Anwendungsgebiete der Hypnose in der Zahnmedizin

Stand: 27. März 2012Autor: Onmeda-Redaktion

Ursprünglich hatte die Hypnose – in Kombination mit anderen Verfahren – ihren Platz vor allem in der Psychotherapie. Dabei stellt der hypnotische Zustand selbst einen therapeutischen Aspekt als Erholung des Gehirns dar. Des Weiteren kann der Therapeut den Patienten während der Hypnose positiv beeinflussen (Suggestion).

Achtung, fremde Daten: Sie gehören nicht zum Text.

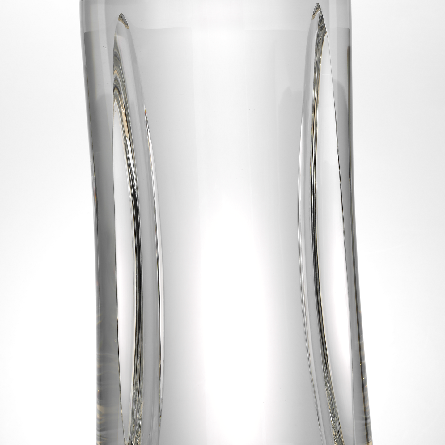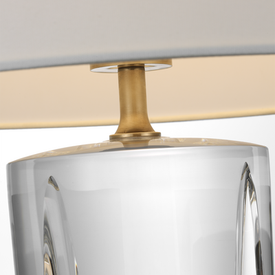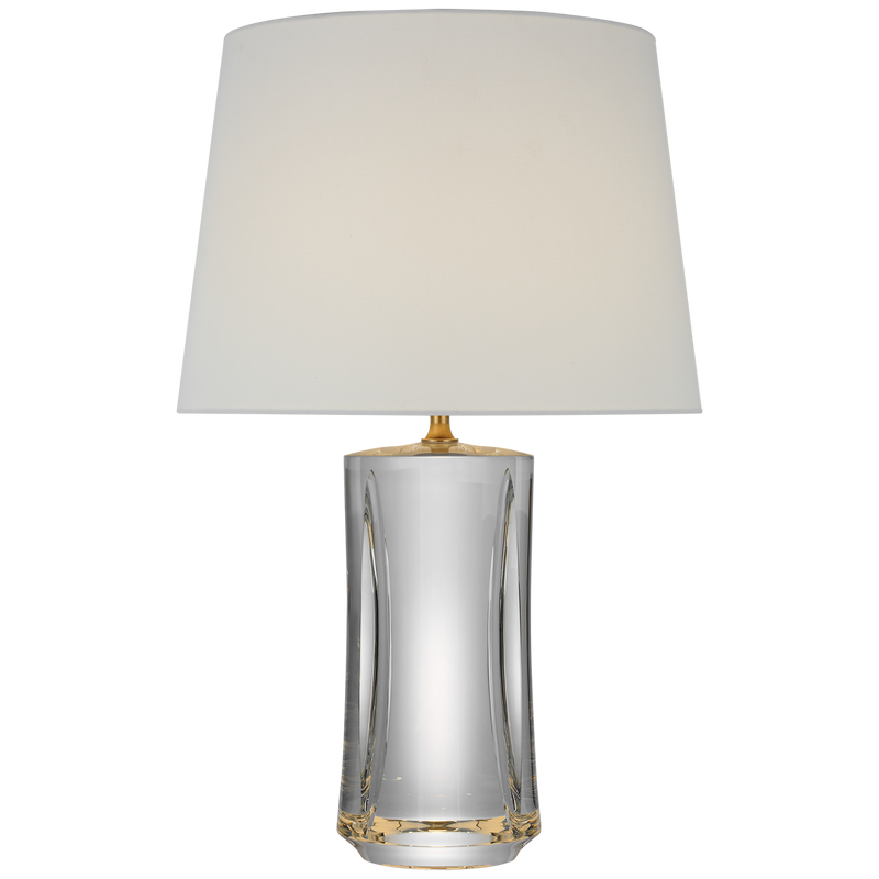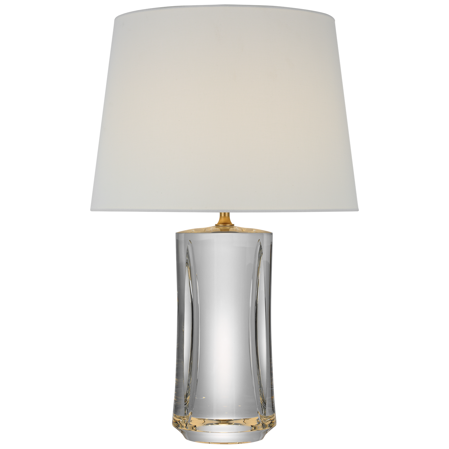 Figlia 27" Cordless V-Cut Round Table Lamp in Crystal with Linen Shade

Auf diese Weise können Hypnotiseure den Betroffenen helfen, Abneigungen gegen bestimmte Gegenstände abzubauen, das Selbstbewusstsein zu stabilisieren oder auch eine Reihe von Problemen zu lösen, wie etwa Ängste oder Abhängigkeiten (z.B. Nikotinsucht).

Einen weiteren wichtigen, eigenständigen Bereich bildet die Schmerztherapie, bei der die Hypnose gute Erfolge erzielen kann. Besonders häufig kommt die Hypnose beim Zahnarzt zum Einsatz. Mittlerweile wenden viele Zahnärzte Hypnosetechniken als Alternative zur medikamentösen Schmerzbehandlung an, insbesondere bei Schwangeren und Kindern. Die Methode eignet sich aber auch, um Ängste (z.B. vor der Spritze) und Stress vor der eigentlichen Behandlung abzubauen.